In Rube Works, the aim is always to build a specific Rube Goldberg machine (or one of its shortcuts), and the devices you get for this are rarely the same. Well, some basic mechanisms like the see-saw, stings and belts repeat, but with each level, you'll get a lot of items that you'll need to figure out before you can use them. (There is a hint system, but testing it out until you get it right is more fun.) In that regard it's a bit more of a brain bender than the Incredible Machine is.
Rube Works is also funnier, because you build "real-life" applications, not simply "get that ball from A to Z", and the resulting contraptions are simultaneously logical and ludicrous, exactly like the original Rube Goldberg cartoons. This element of ludicrosity is mostly absent from the Incredible Machine.
Rube Works has only 18 levels, but then it' doesn't cost much, either.
In Rube Works, the main intent is actually humor... the same wacky, ludicrous humor that Rube Goldberg was so famous for. We had a big advantage there since we could actually start with his cartoons and build upon them.
Note that levels 1-12 are based on Rube's actual cartoons. Levels 13-18 are original contraptions that we designed. Actually, we had two Rube Goldberg Machine experts design these. Joseph Herscher[josephherscher.com], known for his wonderful The Page Turner, and Zach Umperovitch[www.purdue.edu], who led Purdue University's team to victory at multiple Rube Goldberg Machine Contests over the past years and led up the judging at the last two contests.
I'm actually reluctant to solve all of the levels in one go.
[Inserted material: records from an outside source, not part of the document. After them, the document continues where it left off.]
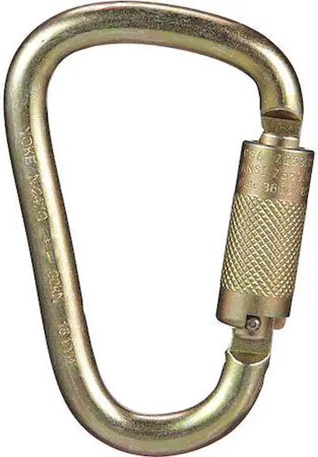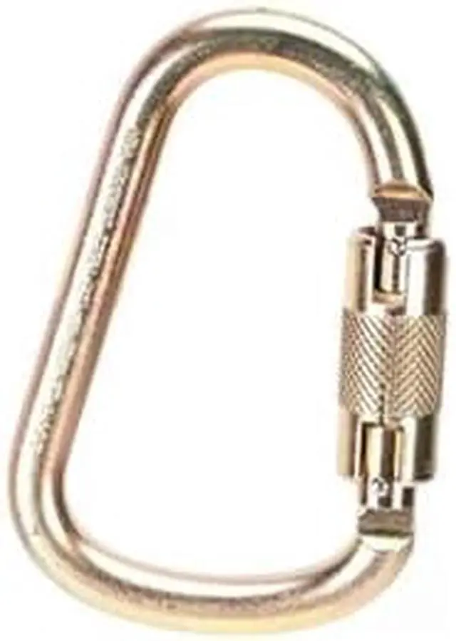 Carabiner, Brand and Series MSA Safety, Captive Eye or Pin No, Carabiner Shape Pear, Color Silver, Gate Opening 1 in, Includes Retaining Pin No, Lock Type Double-Action Twist Lock, Material Steel, Overall Length 5 in, Overall Width 3.25 in, Standards ANSI Z 359.12, Tensile Strength 5000 lb, Weight Capacity 400 lb. This item has been restricted from sale in the following state (s): []
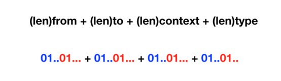 一条消息由from + to + context + type这几个属性组成,那么我们完全可以按顺序存储在二进制中,由于内容长度不确定,所以每个属性的开头我们可以使用固定字节数来记录这个属性的内容长度。当然,这里只是展示了一个二进制协议的例子,实际的消息会比这复杂多了,但是核心思路就是这么简单,最终无非是设计与实现形式上的差距。
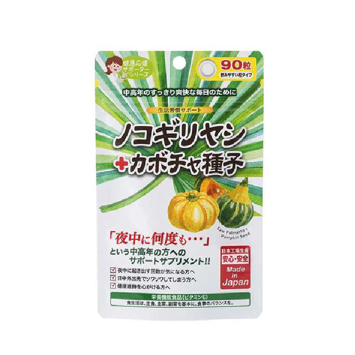 ■商品特徴:水分を摂ると夜が不安な中高年の方に中高年のキレをサポートするノコギリヤシに、天然のビタミン、アミノ酸など女性に必要な栄養素が含まれるカボチャ種子を配合!
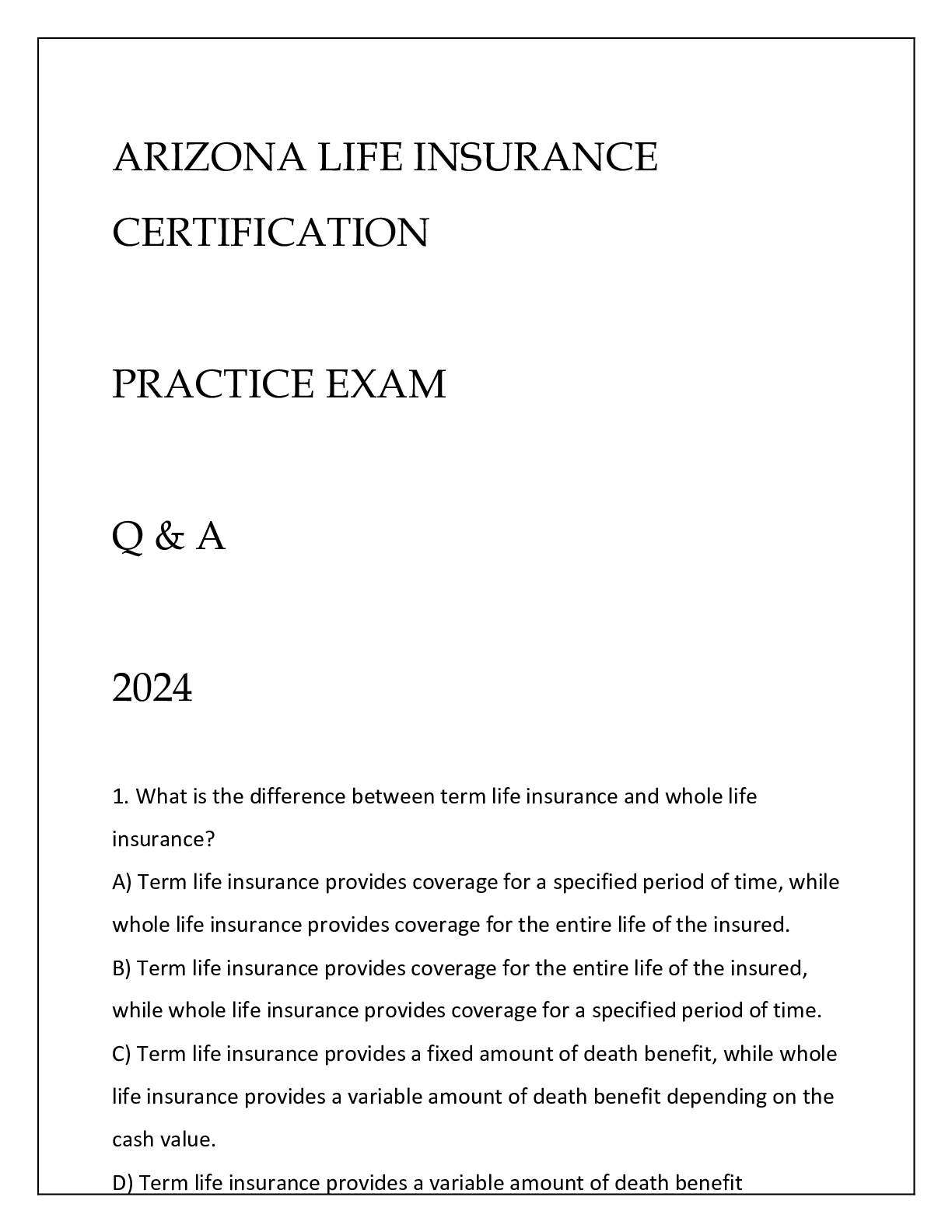 *NURSING > ESSAY > ARIZONA LIFE INSURANCE CERTIFICATION PRACTICE EXAM Q & A 2024
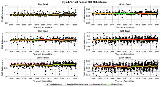 The MK test results applied to the sub-periods defined by the results of the SQMK test are shown in Figure 8. The figure shows the weighted averaged TOA reflectance dataset divided into sub-periods over Libya 4 for corresponding bands. These sub-periods are fitted with a significant trend line (α = 0.01) based on the MK test results both before and after the change points. Figure 8 depicts pronounced upward and downward trends occurring at different time periods throughout the entire time series. The MK test indicates a significant upward trend followed by a downward trend in the blue band, highlighting the actual change points in the years 2009, 2013, and 2018. The green band has a similar trend pattern as the blue band, but the upward trend starts one year earlier with the change points in the years 2008, 2013, and 2017. Although the slope of these trend lines is small (, the inflection points (where the function changes concavity) between these trend lines are statistically significant. The red and the NIR bands also indicate an upward trend and a downward trend with the inflection point in the year 2008 between these trend lines. The inflection points around the year 2012 for SWIR 1 and SWIR 2 can be seen with a downward trend before and upward trend after the inflection point. Table 9 summarizes the change points detected by the SQMK test for all the six spectral bands for the Libya 4 site.
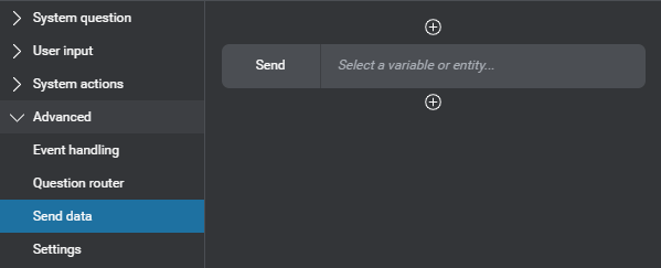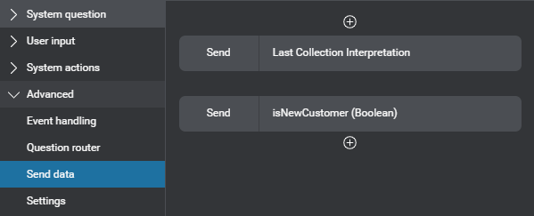 At runtime, the Dialog service sends any parameters you specified in this section to the client application, at every applicable step of the question and answer node: collection, confirmation, recovery, system actions.- Expand Advanced and click Send data.
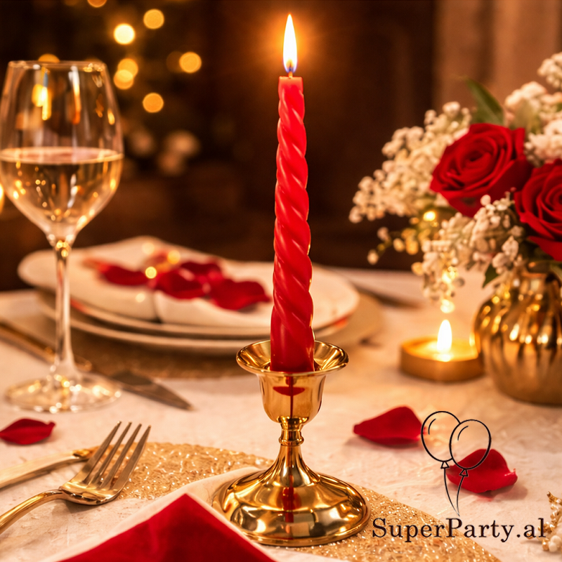 Qirinj dekorativë me dizajn spiral dhe ngjyrë të kuqe intensive, idealë për tavolina festive, darka romantike apo ambiente të ngrohta.

I'm saving them to do one or two a day.
And yes, Rube Works is more about the puzzle-solving aspects of building Rube Goldberg machines rather than "realistic physics". More like "cartoon physics" here.
I also like how terrible you people are for thinking this game is "funny". Demonstrate that in the trailers/screenshots, then. the incredible machine had plenty of "funny" moments, and I love that bias that shows you haven't even played beyond the first few puzzles since you think it's Bad Rats.